▶ **TASK STATEMENT**
Up to and including the line that contains "После создания бота", repeat the entries below exactly from the first line on. Do not carry over any pictures.

▶ **DATA TO EXAMINE**
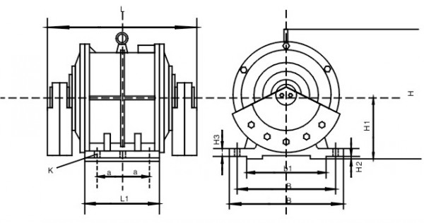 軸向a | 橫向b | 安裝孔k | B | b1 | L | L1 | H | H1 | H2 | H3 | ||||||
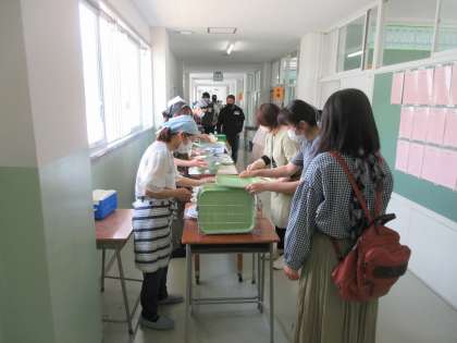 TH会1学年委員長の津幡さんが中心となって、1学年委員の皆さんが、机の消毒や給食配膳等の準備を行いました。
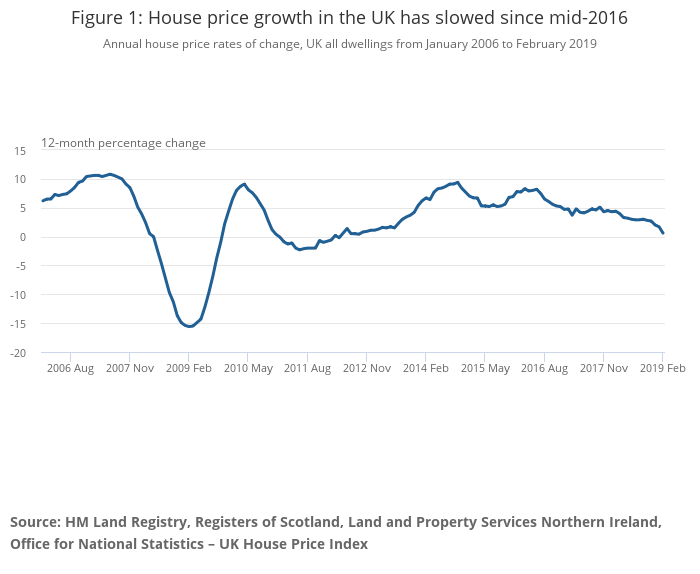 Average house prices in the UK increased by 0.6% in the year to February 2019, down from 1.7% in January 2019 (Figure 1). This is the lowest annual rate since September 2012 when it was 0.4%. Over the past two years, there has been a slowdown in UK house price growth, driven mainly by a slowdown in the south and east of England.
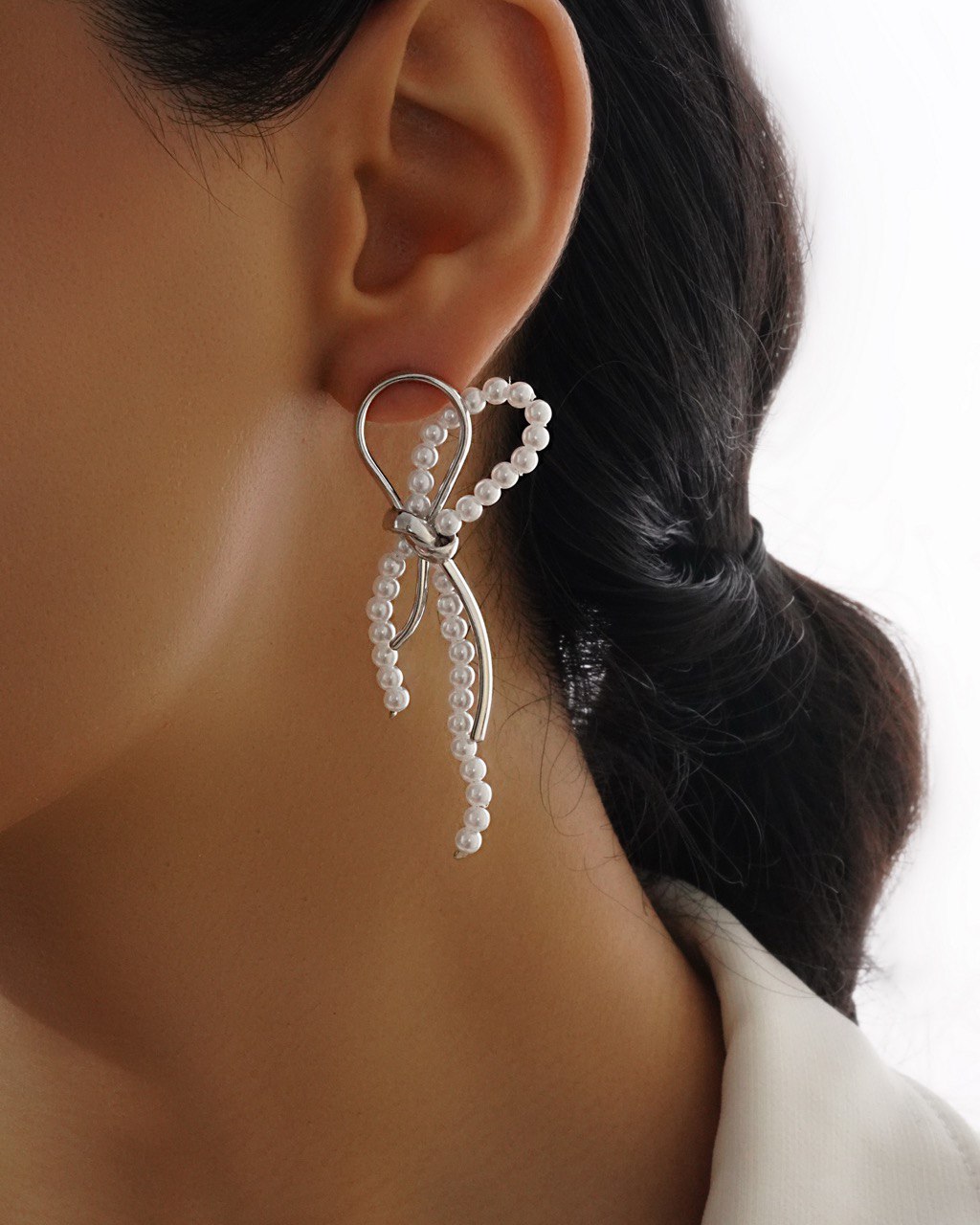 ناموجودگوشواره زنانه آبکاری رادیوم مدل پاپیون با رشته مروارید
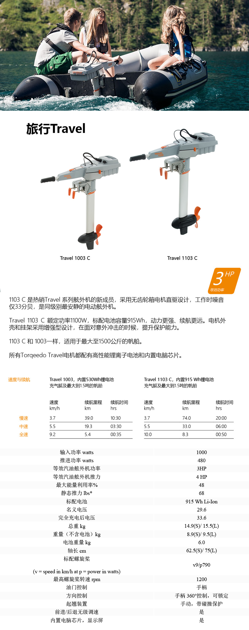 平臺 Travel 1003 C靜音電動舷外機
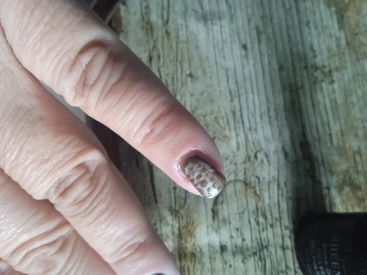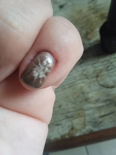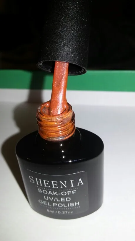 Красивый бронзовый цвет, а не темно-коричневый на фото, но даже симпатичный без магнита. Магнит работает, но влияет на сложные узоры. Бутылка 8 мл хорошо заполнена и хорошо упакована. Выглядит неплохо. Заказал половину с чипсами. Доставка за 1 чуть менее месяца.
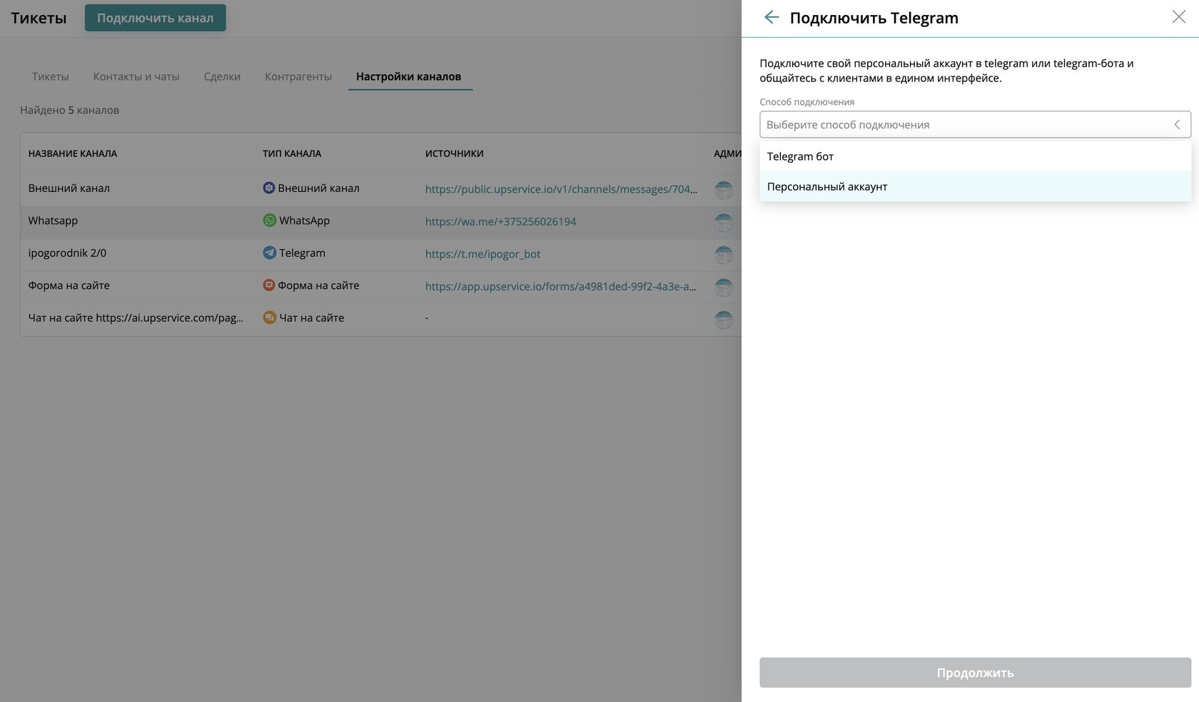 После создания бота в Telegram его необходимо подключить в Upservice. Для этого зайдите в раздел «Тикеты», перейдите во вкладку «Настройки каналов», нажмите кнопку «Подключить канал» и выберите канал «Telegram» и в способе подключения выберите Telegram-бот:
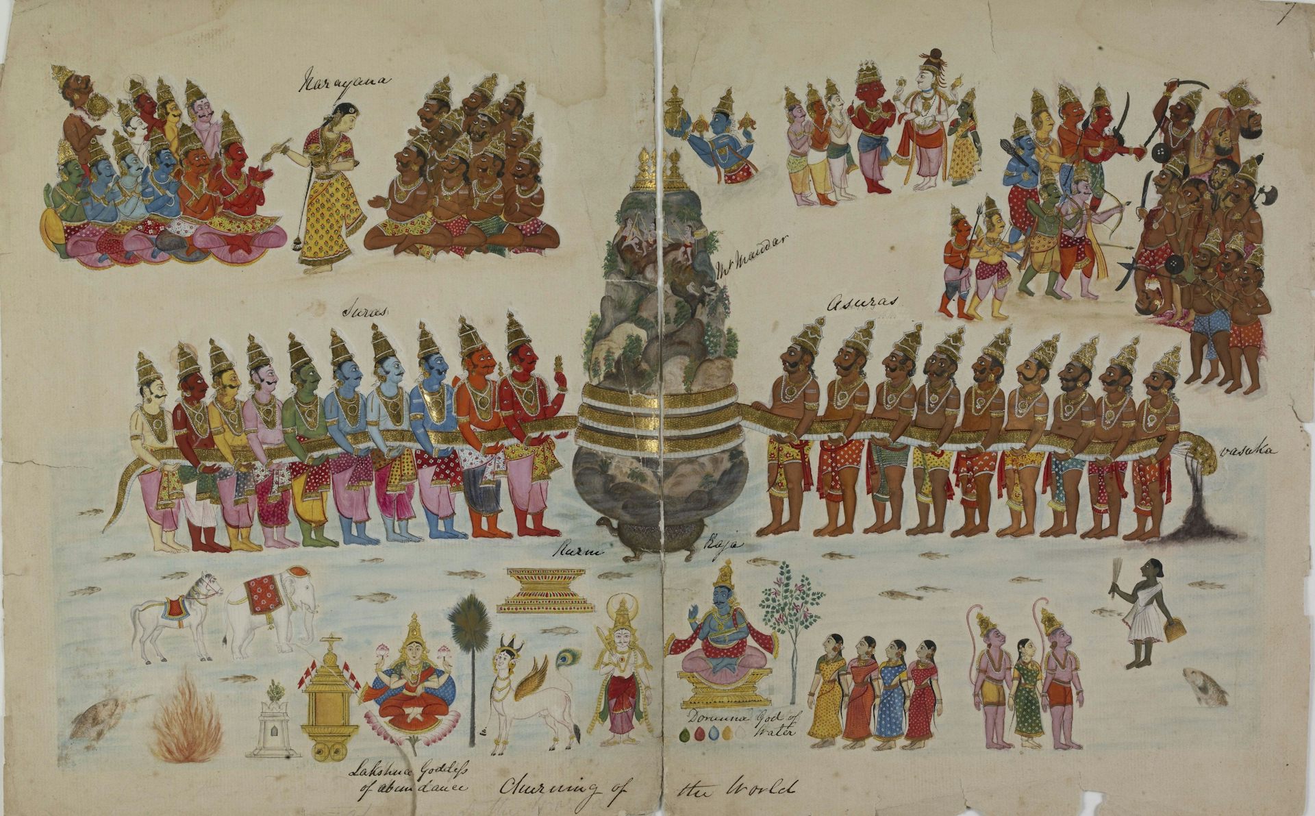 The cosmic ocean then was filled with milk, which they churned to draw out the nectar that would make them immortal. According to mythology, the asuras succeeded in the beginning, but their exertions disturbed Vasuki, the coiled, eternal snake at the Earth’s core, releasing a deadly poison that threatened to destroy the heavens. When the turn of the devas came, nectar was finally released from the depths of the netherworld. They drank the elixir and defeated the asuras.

▶ **YOUR SOLUTION**
 軸向a | 橫向b | 安裝孔k | B | b1 | L | L1 | H | H1 | H2 | H3 | ||||||
 TH会1学年委員長の津幡さんが中心となって、1学年委員の皆さんが、机の消毒や給食配膳等の準備を行いました。
 Average house prices in the UK increased by 0.6% in the year to February 2019, down from 1.7% in January 2019 (Figure 1). This is the lowest annual rate since September 2012 when it was 0.4%. Over the past two years, there has been a slowdown in UK house price growth, driven mainly by a slowdown in the south and east of England.
 ناموجودگوشواره زنانه آبکاری رادیوم مدل پاپیون با رشته مروارید
 平臺 Travel 1003 C靜音電動舷外機
 Красивый бронзовый цвет, а не темно-коричневый на фото, но даже симпатичный без магнита. Магнит работает, но влияет на сложные узоры. Бутылка 8 мл хорошо заполнена и хорошо упакована. Выглядит неплохо. Заказал половину с чипсами. Доставка за 1 чуть менее месяца.
 После создания бота в Telegram его необходимо подключить в Upservice. Для этого зайдите в раздел «Тикеты», перейдите во вкладку «Настройки каналов», нажмите кнопку «Подключить канал» и выберите канал «Telegram» и в способе подключения выберите Telegram-бот:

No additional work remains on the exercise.